Maishe Tikotchski – chief leader and decision–maker in the Judenrat, his work was to raise money. Because with money they could accomplish something. He was smart, never argued with anyone. His adjutants did the work for him.

It must be mentioned that in many cases when the life of the Bransk Jews was in jeopardy, Maishe Tikotchski endangered his own life to save these people.

Yankl Rubin[1], and Maishe Kamen had run away from the Lublin concentration camp, coming to Bransk. The Lublin gendarmerie sent a request to the Bielsker gendarmerie that these two Jews must, under any circumstances be brought back to Lublin. This meant certain death for the two Bransk Jews. Everyone in town knew they were in Bransk. Maishe Tikotchski was supposed to do this. It would have meant certain death for tens of Bransk Jews if the request would not be complied with. He did not become frightened and went to Shumanski and said, that they will not turn over any Jews regardless of any danger to themselves.

[Page 266]

Because of the human feelings that Shumanski possessed and the clever and tactful behavior of Maishe Tikotchski who in no uncertain terms declared before the entire gendarmerie that the two Jews were not in Bransk which was corroborated by other Bransk Jews, they were rescued from a certain death. They survived the war. This cost a lot of money because Shumanski allowed himself to be well paid for such favors.

The brothers Alyentski, along with Bertche Yentchman, were arrested for breaking the law about taking food to another ghetto town.

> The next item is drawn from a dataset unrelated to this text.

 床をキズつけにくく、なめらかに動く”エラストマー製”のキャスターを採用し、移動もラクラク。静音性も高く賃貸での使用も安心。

Their lives were in jeopardy because this was not the first time. The punishment was death. Maishe Tikotchski did not hesitate in the face of danger. He negotiated their freedom through Shumanski and refused to take money from those whom he had freed.

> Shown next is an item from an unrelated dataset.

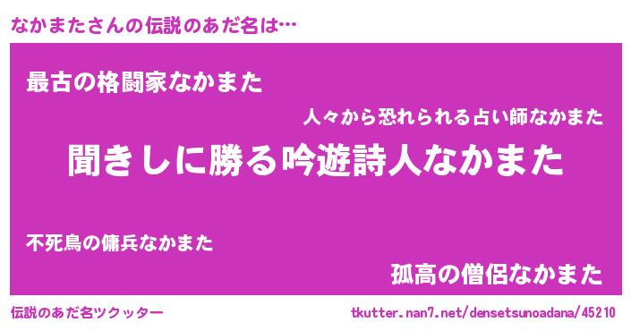 | 意味不明あだ名 | 『住所不定無職なかまた(6歳)』 |

Itskhak Finklshteyn, a foolish Jew from whom no one ever received a favour. He sought ways of making money, and that is why he called Bentsl Rubin “Sir Rubin,” because Sir Rubin was a source of income. Bentsl Rubin was never sent for work. For Bentsl, Itskhak Finkelshteyn was a good Judenrat'nik. This is told by Yankel Rubin the red rooster's[2] son.[3]

Yankev Gotlieb, In Bransk he was called “Gotlieb the helpful person.” He was not an especially good man. Possibly he was bitter because the Communists had nationalized his father's business. He was a town councilman from the Poalei Tsiyon party. How did someone like this become a Judenrat'nik?

Bentsiyon Zarember, supplies commissar in the ghetto. He argued with everyone, fought with everyone. He was perfectly suited for the work.

Levin the Rutker, Khaim Yosl Shapira's son–in–law. He was the labour division commissar. Itskhak Finklshteyn was the one who led and controlled him. They compiled work lists, composed mostly of the poor and lonely youths. They paid strict attention

[Page 267]

to ensuring that none of the friends of the Judenrat'nikes should God forbid, be taken for work.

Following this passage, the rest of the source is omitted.